In September 2015, at my 16 week prenatal ultrasound we found out our future son's right femur was half the size of his left. We learned that our son would be born with a rare birth defect called Congenital Femoral Deficiency. This birth defect occurs in about 1 in 40,000 births. Our son Morgan arrived 5 months later, with the most incredible loving spirit. Since Morgan was a year and half, he has been fitted with prosthetic extensions to help him stand, walk, and run. Now that Morgan is 3 years old, it's time to make difficult decisions. Because as Morgan ages, the discrepancy in length of his right and left leg will continue to increase. Since CFD is very rare and its treatment relatively new. Few surgeons are experienced and trained to treat CFD. For this reason, we traveled to the Paley Institute in Florida. This Institute is the most experienced center in the United States and the World and has a very high success rate. We want Morgan to receive the best care from the most experienced medical team. Dr. Paley's knowledge of limb deformities is incredible. At our consultation, Dr. Paley gave us hope and confidence that he will be able to fix Morgan's deformity and avoid amputation. Because of Morgan's determination and wish for independence, we have decided to save Morgan’s leg and give him the best opportunity at living his best life with both feet on the ground. To accomplish this wish, we will be going through a challenging journey of multiple surgeries. Morgan's journey will begin in March 2020 with his first major hip, knee, and ankle reconstruction surgery. Then, will continue his journey with multiple leg lengthening surgeries. These surgeries will require us to remain in Florida for months at a time to ensure Morgan receives vigilant follow up and aggressive rehabilitation for a successful outcome. Unfortunately, this comes at a great expense.

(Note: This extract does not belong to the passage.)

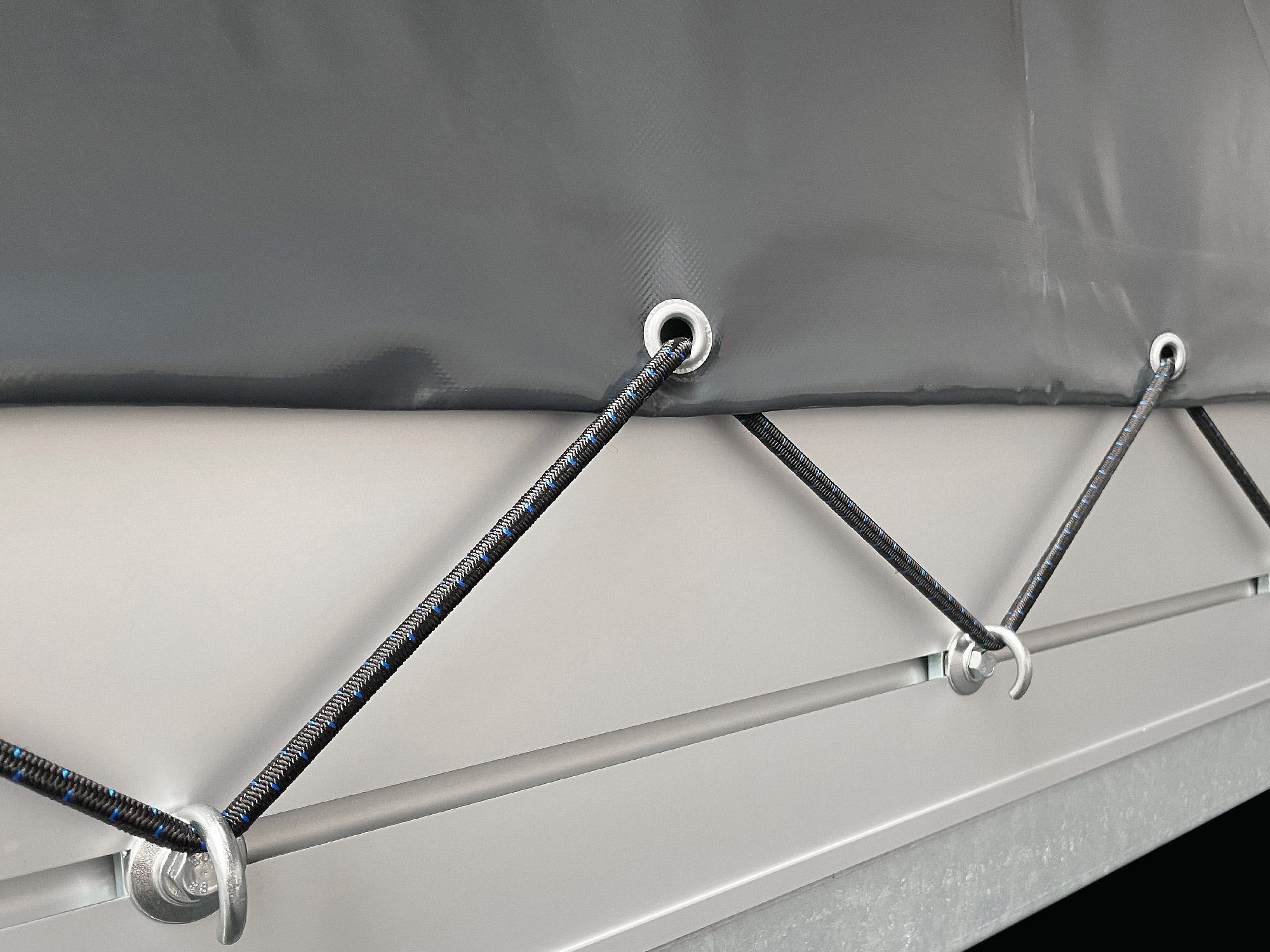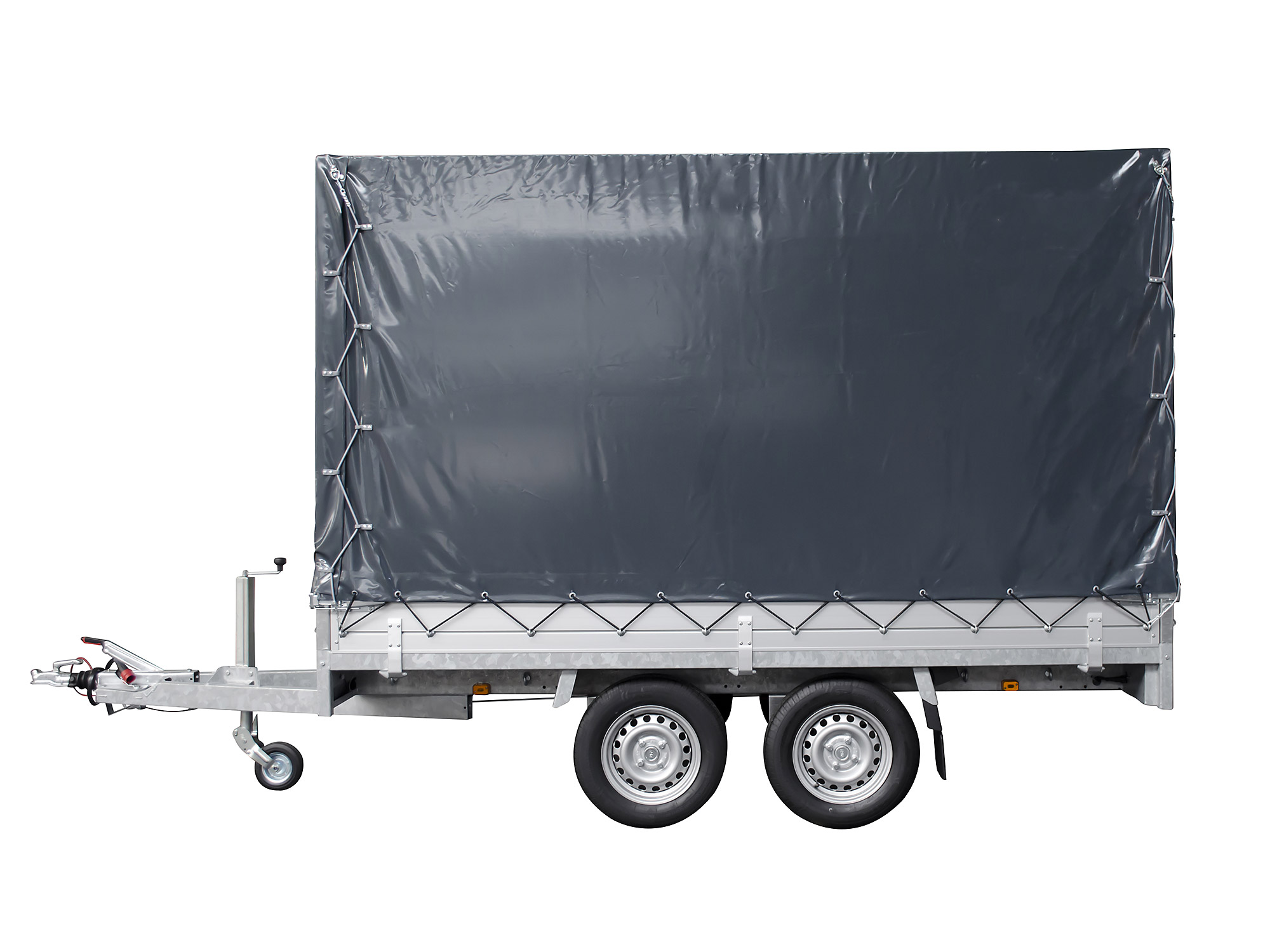 Hochplane mit Gestell für PSX 305×153 (Farbe: anthrazit). Die dazugehörige Plane wird komplett mit Expanderseil und Netzhaken Satz geliefert. Schutz vor Sonne, Regen und Wind. Hochwertige Metallgestell. Strapazierfähige, wetterfeste PVC-Plane. Hohe Beständigkeit gegen Chemikalien und Fette. Ösen gegen Rost behandelt. Verstärkte Kanten und Ecken. Leicht zu öffnen.

This is where we need your support.
We are lucky that some of the hospital/rehab costs are covered by our insurance companies, but our family will be incurring many extra expenses, such as out of pocket medical bills, travel expenses, and housing costs.
We have an amazing network of family and friends who have been supporting us during Morgan’s journey towards both feet on the ground. We appreciate the prayers, positive thoughts, and your acts of love and kindness. Words cannot describe how grateful we are.